El back internacional de doble código finalizará la actual temporada con los Sydney Roosters de la NRL antes de emigrar a Japón, con el objetivo de mantenerse elegible para los Wallabies y llegar en plenitud al Mundial de Rugby 2027, que se disputará en Australia. Desde el club australiano dejaron abierta la posibilidad de un regreso una vez finalizado su vínculo en Asia.
El valor de Nawaqanitawase se incrementó notablemente tras una destacada primera temporada en la NRL, sumada a su recorrido previo en el rugby union, donde disputó cuatro temporadas en el Super Rugby con NSW Waratahs y acumuló 11 caps con el seleccionado australiano.
Además, el jugador cuenta con triple elegibilidad internacional, ya que podría representar también a Italia o Fiji en una Copa del Mundo, un aspecto que aumenta su atractivo estratégico en el escenario global.
Uno de los puntos determinantes para su decisión fue la interpretación actual de la Ley Giteau.
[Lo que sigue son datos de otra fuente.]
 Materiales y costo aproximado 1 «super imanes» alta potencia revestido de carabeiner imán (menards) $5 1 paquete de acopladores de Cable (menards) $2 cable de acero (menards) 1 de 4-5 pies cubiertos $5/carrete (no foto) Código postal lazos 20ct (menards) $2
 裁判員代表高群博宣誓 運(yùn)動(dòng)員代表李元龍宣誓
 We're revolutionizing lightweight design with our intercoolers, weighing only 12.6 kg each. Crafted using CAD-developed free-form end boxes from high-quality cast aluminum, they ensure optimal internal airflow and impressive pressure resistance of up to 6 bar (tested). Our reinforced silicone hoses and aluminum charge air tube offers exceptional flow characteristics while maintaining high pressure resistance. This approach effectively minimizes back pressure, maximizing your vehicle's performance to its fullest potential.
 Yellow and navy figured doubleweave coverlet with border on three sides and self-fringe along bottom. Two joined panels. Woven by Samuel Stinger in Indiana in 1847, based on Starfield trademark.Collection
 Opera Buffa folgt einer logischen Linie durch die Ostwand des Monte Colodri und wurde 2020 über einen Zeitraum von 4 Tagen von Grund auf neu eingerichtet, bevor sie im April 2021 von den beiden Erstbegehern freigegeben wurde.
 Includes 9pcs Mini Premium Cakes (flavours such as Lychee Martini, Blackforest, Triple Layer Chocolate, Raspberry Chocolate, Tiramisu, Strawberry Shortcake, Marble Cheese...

En agosto, el director de alto rendimiento de Rugby Australia, Peter Horne, señaló que la norma resulta “en cierto modo redundante”, lo que permitiría que Nawaqanitawase siga siendo considerado por el seleccionado aun jugando en el exterior.
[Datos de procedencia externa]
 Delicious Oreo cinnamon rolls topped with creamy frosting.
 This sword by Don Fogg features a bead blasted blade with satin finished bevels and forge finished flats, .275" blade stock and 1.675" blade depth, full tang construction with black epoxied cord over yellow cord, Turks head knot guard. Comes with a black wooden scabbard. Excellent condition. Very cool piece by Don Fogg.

Pese a la temprana eliminación de los Wallabies en el Mundial de Francia 2023, el back fue uno de los rendimientos más sólidos del equipo, destacándose especialmente en el juego aéreo y en situaciones de definición.
En ese sentido, el entonces entrenador Joe Schmidt elogió públicamente sus cualidades: “Su capacidad atlética en el aire no difiere mucho de la de Joseph-Aukuso Suaalii. Tener atletas así siempre aporta valor”.
Si bien Australia cuenta con una amplia base de wings —como Max Jorgensen, Dylan Pietsch, Corey Toole, Harry Potter y Andrew Kellaway—, el perfil físico, la potencia y el juego aéreo de Nawaqanitawase lo convierten en una opción difícil de ignorar para el próximo entrenador de los Wallabies, Les Kiss.
Japón, por su parte, continúa consolidándose como uno de los destinos más atractivos del rugby profesional. Figuras como Cheslin Kolbe, quien percibe uno de los salarios más altos del mundo, y los australianos Samu Kerevi, Bernard Foley y Marika Koroibete, forman parte de una liga que no deja de crecer en jerarquía.
Con este movimiento, Nawaqanitawase apuesta a un camino estratégico: desarrollo económico, competencia de alto nivel y la posibilidad concreta de volver a vestir la camiseta dorada en un Mundial en casa.